Entah sudah berapa kali MRI dan CT-Scan yang saya jalani, sudah ribuan obat yang saya telan setiap harinya selama 24 bulan itu. Yang ada dalam pikiran saya adalah saya harus sembuh. Saya tidak mau kalah dengan bakteri TB yang tidak kelihatan secara kasat mata namun mematikan ini.
Tantangan bagi setiap pasien TB ini tidak sebatas pada rasa sakit yang dirasakan, seperti batuk baik berdahak atau tidak bahkan batuk berdarah, ada yang sesak, ada yang nyeri dada dan lain sebagainya. Belum lagi untuk pasien TB extra paru, keluhannya pun lebih beraneka ragam. Tantangan lainnya adalah munculnya ESO alias Efek Samping Pengobatan yang sangat banyak walaupun tidak setiap pasien akan mengalaminya. ESO terhebat saya adalah ngilu pada persendian kaki dan tangan saat fase intensif OAT merah. Ketika saya melangkah turun dari teras saja terasa oleng ketika tidak berpegangan. Saat di rumah saya memakai tongkat, tetapi ketika di kantor saya tanpa tongkat. Karena saya tidak mau menjadi omongan terkait sakit TB saya.

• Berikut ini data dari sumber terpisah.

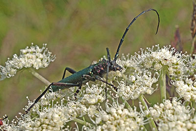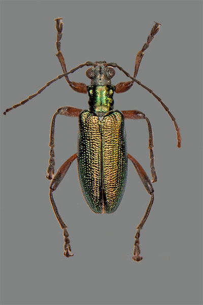 Aromia moschata, Hache-mühle, Dübener Heide, Sachsen, Famile Cerambycidae ![]() Video Schmalbock Strangalia spec., Familie Cerambycidae, UF Lepturinae ![]() Sägebock Prionus coriarus, Möhritzsch, Sachsen-Anhalt, 5.8.2013, Familie Cerambicidae, UF Prioninae ![]() Video Paarung von Schildkäfern auf Flores, Indonesien, 2002, Familie Chrysomelidae, UF Cassidinae ![]() Stachelkäfer Dicladispa testacea, KL 5 mm, Sammlung M. Hoffmann, Naturkundemuseum Leipzig, Sachsen, UF Cassidinae |

Sebuah konsistensi tengah diuji pada pasien TB. Disiplin minum obat tanpa terputus dalam durasi panjang. Belum lagi pandangan stigma dari sekitar yang mungkin akan mempengaruhi psikisnya dan bisa jadi membuatnya enggan memakai masker di awal pengobatan dan tidak mau menuntaskan minum obat karena malu. Malu ketahuan kalau sedang sakit TB.
Saya mengalami itu, ketika menjalani pengobatan mendapatkan “diskriminasi” walaupun dibalut kata “demi kesehatan saya”. Saya tidak terima, saya bangkit “melawan” untuk membuktikan walau sakit TB saya masih bisa seperti yang lain. Saya masih bisa seperti dulu, jangan bedakan saya. Dokter satu-satunya tempat curhat saya kala itu, saksi tumpahnya air mata saya. Jadi sebagai pasien saya tidak merasa sedang berjuang sendiri.
TB banyak mengubah hidup saya, saya yang dulu kurang peduli terhadap kesehatan sekarang menjadi sangat tanggap terhadap “alarm” tubuh. Saya dulu yang malas sekali minum obat walau sedang sakit, sekarang menjadi sangat disiplin ketika waktunya minum OAT. Saya takut terlewat.
Proses demi proses saya jalani dengan ikhlas dan semangat, demi satu kata SEMBUH.
Selama satu tahun pertama tubuh saya begitu dimanjakan tidak boleh melakukan banyak gerakan dan diikat rapat TLSO dibalik baju. TLSO yang memanjang sepunggung memang membuat badan saya menjadi tidak bebas bergerak dan sakit. Begitu melegakan ketika akan tidur TLSO dilepas, seakan ingin berkata “dan nikmat Tuhan mana yang kau dustakan.”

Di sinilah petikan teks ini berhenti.